Task instructions
Pictures stay out of the copy; set down each line of the listing below exactly.

Data extract

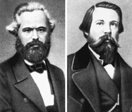 Это было сказано в 1847 году, правда, начало фразы было написано Энгельсом по поводу соотношения бытия и сознания: "...Не сознание людей определяет их бытиё, а, наоборот, их общественное бытиё определяет их сознание".
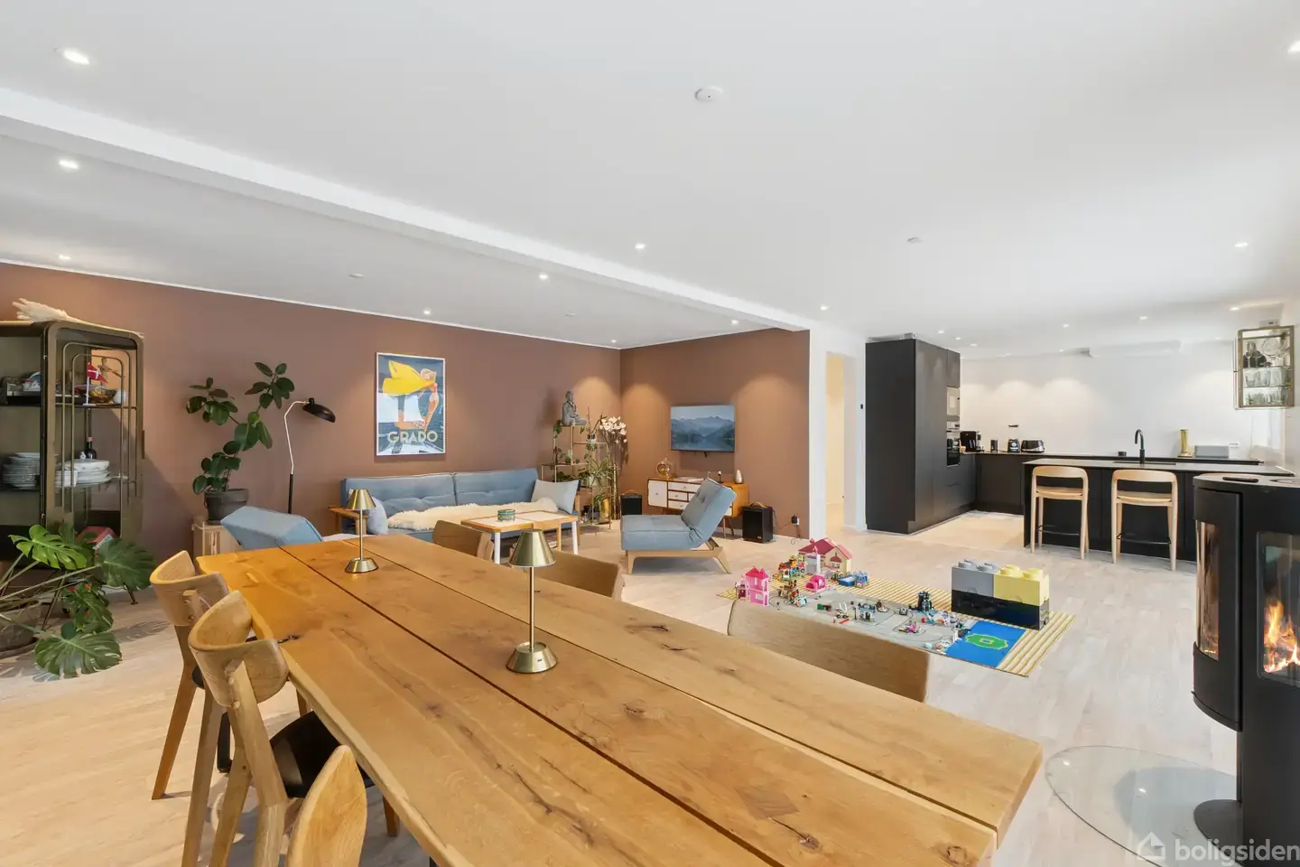 Nu slår vi dørene op til dette flotte lyse hus, der i 2021 blev totalt renoveret. Her var kun vægge og tag tilbage, ellers blev alt udskiftet. Samtidig blev huset udstyret med alle mulige former for tiltag, der letter hverdagen: Solceller, der styrer aircondition i soveværelserne, blødgøringsanlæg til vandet, gulvvarme overalt, Quooker og vamestyring via mobilen. Indenfor mødes I af en rummelig entré og fordelingsgang med indbygget skab. Herfra er der adgang til husets store køkken-alrum i åbe
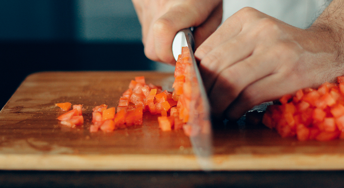 Despepitá el pimiento (sacándole todas las semillas) y córtalo en brunoise.
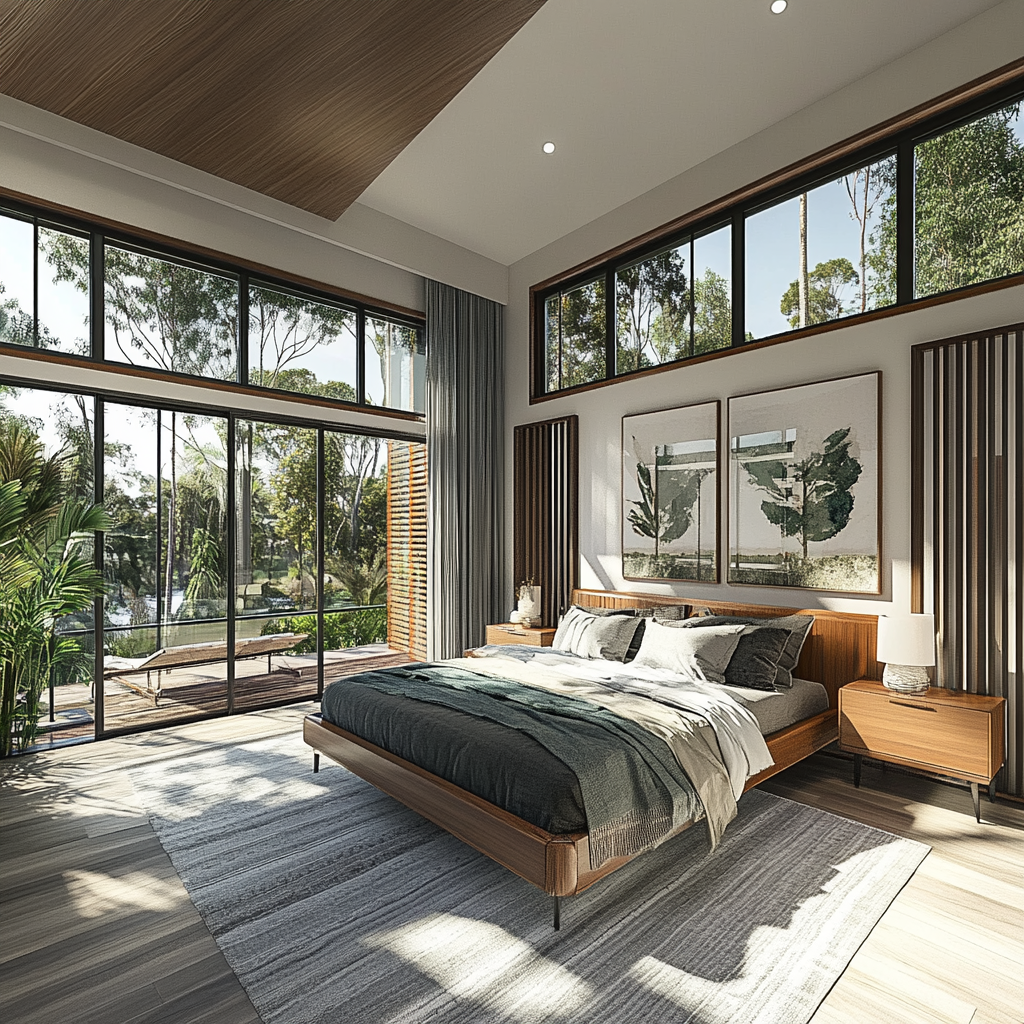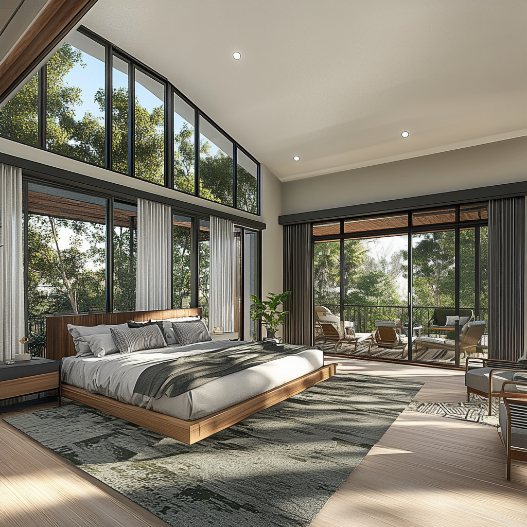 Expansive openings frame curated views of the outdoors, allowing natural light to animate the interiors throughout the day. The strategic placement of glazing fosters a seamless dialogue between interior and exterior spaces, enhancing the residence’s sense of openness.

Answer to the exercise
 Это было сказано в 1847 году, правда, начало фразы было написано Энгельсом по поводу соотношения бытия и сознания: "...Не сознание людей определяет их бытиё, а, наоборот, их общественное бытиё определяет их сознание".
 Nu slår vi dørene op til dette flotte lyse hus, der i 2021 blev totalt renoveret. Her var kun vægge og tag tilbage, ellers blev alt udskiftet. Samtidig blev huset udstyret med alle mulige former for tiltag, der letter hverdagen: Solceller, der styrer aircondition i soveværelserne, blødgøringsanlæg til vandet, gulvvarme overalt, Quooker og vamestyring via mobilen. Indenfor mødes I af en rummelig entré og fordelingsgang med indbygget skab. Herfra er der adgang til husets store køkken-alrum i åbe
 Despepitá el pimiento (sacándole todas las semillas) y córtalo en brunoise.
 Expansive openings frame curated views of the outdoors, allowing natural light to animate the interiors throughout the day. The strategic placement of glazing fosters a seamless dialogue between interior and exterior spaces, enhancing the residence’s sense of openness.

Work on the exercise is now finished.